** Opening RECORDS FOR THIS EXERCISE block **

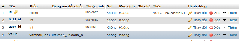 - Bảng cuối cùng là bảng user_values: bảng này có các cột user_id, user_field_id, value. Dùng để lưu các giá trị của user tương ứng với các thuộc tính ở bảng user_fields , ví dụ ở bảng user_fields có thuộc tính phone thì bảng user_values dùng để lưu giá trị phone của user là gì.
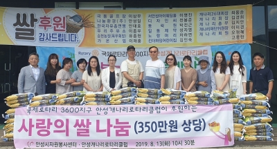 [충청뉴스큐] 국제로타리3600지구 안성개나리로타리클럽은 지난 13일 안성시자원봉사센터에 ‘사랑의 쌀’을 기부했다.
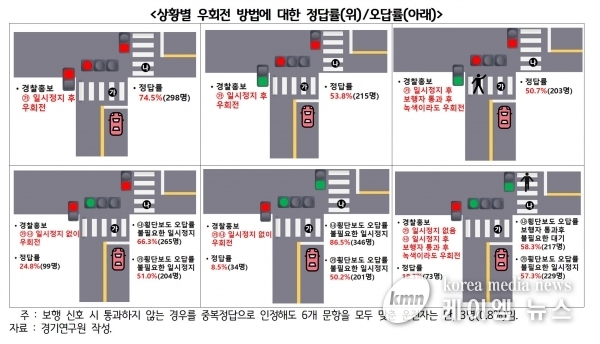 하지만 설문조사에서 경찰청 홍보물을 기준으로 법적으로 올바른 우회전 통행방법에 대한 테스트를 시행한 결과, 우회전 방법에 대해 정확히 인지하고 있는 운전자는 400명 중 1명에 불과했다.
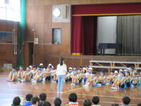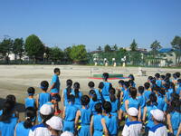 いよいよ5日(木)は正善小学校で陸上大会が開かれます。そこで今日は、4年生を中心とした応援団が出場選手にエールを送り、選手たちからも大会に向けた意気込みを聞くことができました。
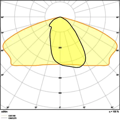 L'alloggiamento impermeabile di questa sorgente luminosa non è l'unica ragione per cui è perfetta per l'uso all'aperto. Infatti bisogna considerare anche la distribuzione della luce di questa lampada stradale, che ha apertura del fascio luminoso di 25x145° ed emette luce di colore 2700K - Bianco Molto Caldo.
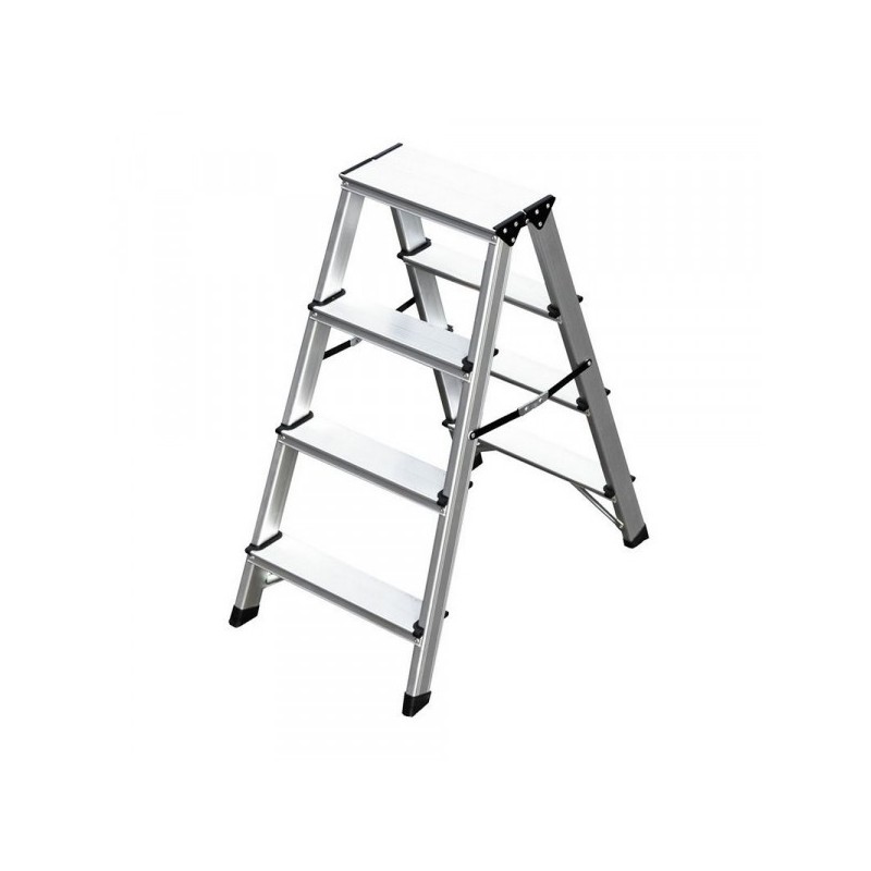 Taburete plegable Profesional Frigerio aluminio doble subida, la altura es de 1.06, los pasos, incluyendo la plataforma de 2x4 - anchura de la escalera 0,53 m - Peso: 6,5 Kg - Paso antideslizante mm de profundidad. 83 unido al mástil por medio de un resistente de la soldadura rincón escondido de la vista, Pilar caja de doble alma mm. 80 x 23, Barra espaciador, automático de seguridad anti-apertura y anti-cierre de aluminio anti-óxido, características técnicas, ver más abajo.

** Closing RECORDS FOR THIS EXERCISE block **

Starting at the line containing "いよいよ5日(木)は正善小学" and stopping at the line containing "L'alloggiamento impermeabile di", output every line above exactly, both ends included, with pictures omitted.

 いよいよ5日(木)は正善小学校で陸上大会が開かれます。そこで今日は、4年生を中心とした応援団が出場選手にエールを送り、選手たちからも大会に向けた意気込みを聞くことができました。
 L'alloggiamento impermeabile di questa sorgente luminosa non è l'unica ragione per cui è perfetta per l'uso all'aperto. Infatti bisogna considerare anche la distribuzione della luce di questa lampada stradale, che ha apertura del fascio luminoso di 25x145° ed emette luce di colore 2700K - Bianco Molto Caldo.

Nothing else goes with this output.